■ Aim of the task ■
Of the entries below, return only those lines from the line with "Not every pup" to the line with "违规行为暴露后,姜天武及其一", exactly, both included.

[[ Provided records open ]]

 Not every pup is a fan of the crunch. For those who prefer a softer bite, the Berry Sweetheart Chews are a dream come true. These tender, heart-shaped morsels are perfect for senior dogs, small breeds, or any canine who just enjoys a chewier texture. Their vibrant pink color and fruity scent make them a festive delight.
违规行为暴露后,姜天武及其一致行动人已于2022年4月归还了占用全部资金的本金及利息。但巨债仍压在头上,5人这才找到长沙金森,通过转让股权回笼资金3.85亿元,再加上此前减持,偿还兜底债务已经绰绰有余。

[[ Provided records closed ]]
[[ Provided records open ]]

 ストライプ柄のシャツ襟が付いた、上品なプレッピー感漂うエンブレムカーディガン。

[[ Provided records closed ]]

■ Answer space ■
 Not every pup is a fan of the crunch. For those who prefer a softer bite, the Berry Sweetheart Chews are a dream come true. These tender, heart-shaped morsels are perfect for senior dogs, small breeds, or any canine who just enjoys a chewier texture. Their vibrant pink color and fruity scent make them a festive delight.
违规行为暴露后,姜天武及其一致行动人已于2022年4月归还了占用全部资金的本金及利息。但巨债仍压在头上,5人这才找到长沙金森,通过转让股权回笼资金3.85亿元,再加上此前减持,偿还兜底债务已经绰绰有余。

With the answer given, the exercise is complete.